Private Communities and Societal Norms

In 1992, when planned communities came under heavy criticism and CAI resorted to an intensive lobbying effort, a Journal of Land Use and Environmental Law paper by Todd Brower said the following, among other things:

“By creating distinct community norms and amenities, common interest developments promote the value of private autonomy and personal liberty … Therefore, the ability to structure one’s private environment and to create a shelter from society [in which any goes] becomes particularly valuable, especially in and around the home”.
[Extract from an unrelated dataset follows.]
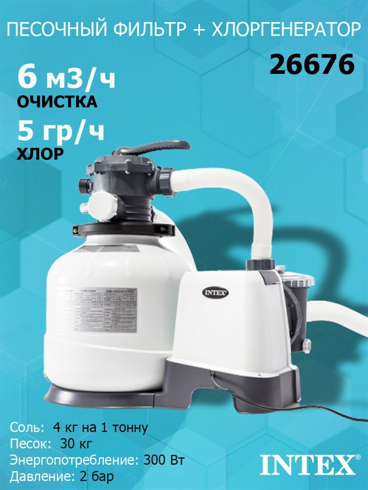 Купить INTEX Хлоргенератор 26676 Intex + песочный фильтр насос Krystal Clear (6000 л/ч) 26676

This holds true today when most HOA residents want to control who can do what next door to maintain property values. But the author continues with,

“Accordingly, to provide this separate sheltered environment. residential association regulations have pervaded community life … residential associations have the power to enter an individual’s home to inspect for violations of residential restrictions and may forcibly expel a non-conforming member from the community … the personal autonomy of some individuals entails joining other like-minded persons in homogeneous communities which must then suppress the individualism of its members to preserve the counter-culture nature of the association. Thus, sometimes personal autonomy and individual liberty in common ownership situations intrude upon other substantive societal values.”
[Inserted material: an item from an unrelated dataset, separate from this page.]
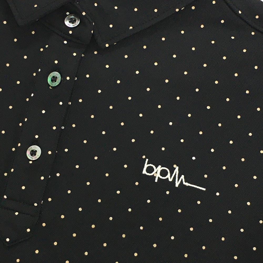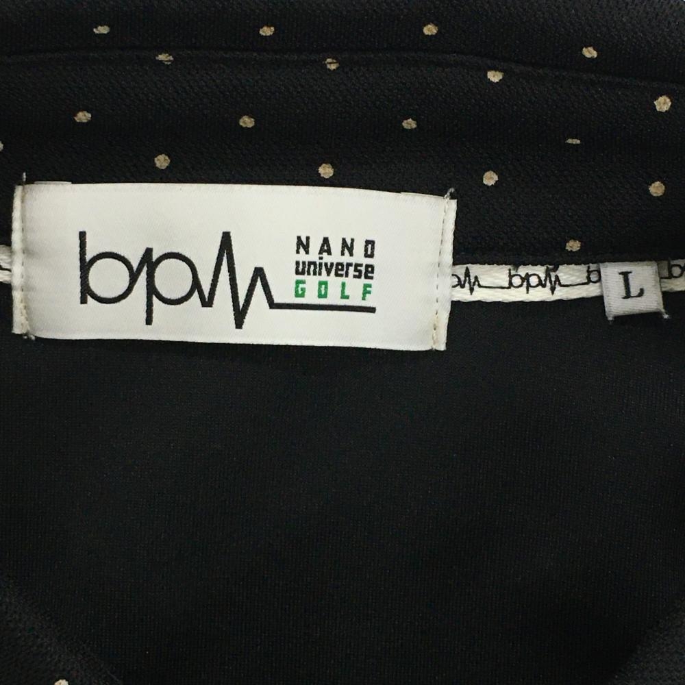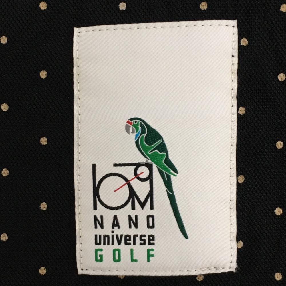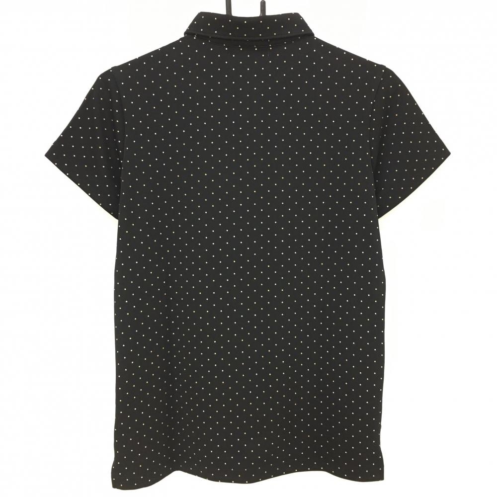 【超美品】ナノユニバースゴルフ 半袖ポロシャツ 黒×ライトブラウン ドット bpm 胸ロゴ レディース L ゴルフウェア NANO universe GOLF

In other words, we must play by the rules for the benefit of property values and to do this the HOA must take away your rights and freedoms. And, the courts have accepted this proposition that you fully agreed to surrender your rights. Brower adds, “The essential premise of a residential private government is that it is fully consensual … this assumption is problematic”.
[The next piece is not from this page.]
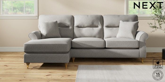 7.2.10 Ashford Highback Medium Sofa Chaise - Left Hand Woven Chenille Easy Clean Light Grey Castor - Light | Made Click here to use our website with more accessibility support, for example screen readers

What has happened, we may ask, in the ensuing 12 years to allow the Arizona Legislature, and other state legisaltures, to pass laws like, taking away the homestead protection, not providing constitutional due process, and allowing HOA attorneys to highly profit from an abuse of the legal system in regard to HOA foreclosures and fines?

Surely, not the influence of the CAI’s, non-enemy, lobbying efforts and the failure of homeowners to effectively organize opposition.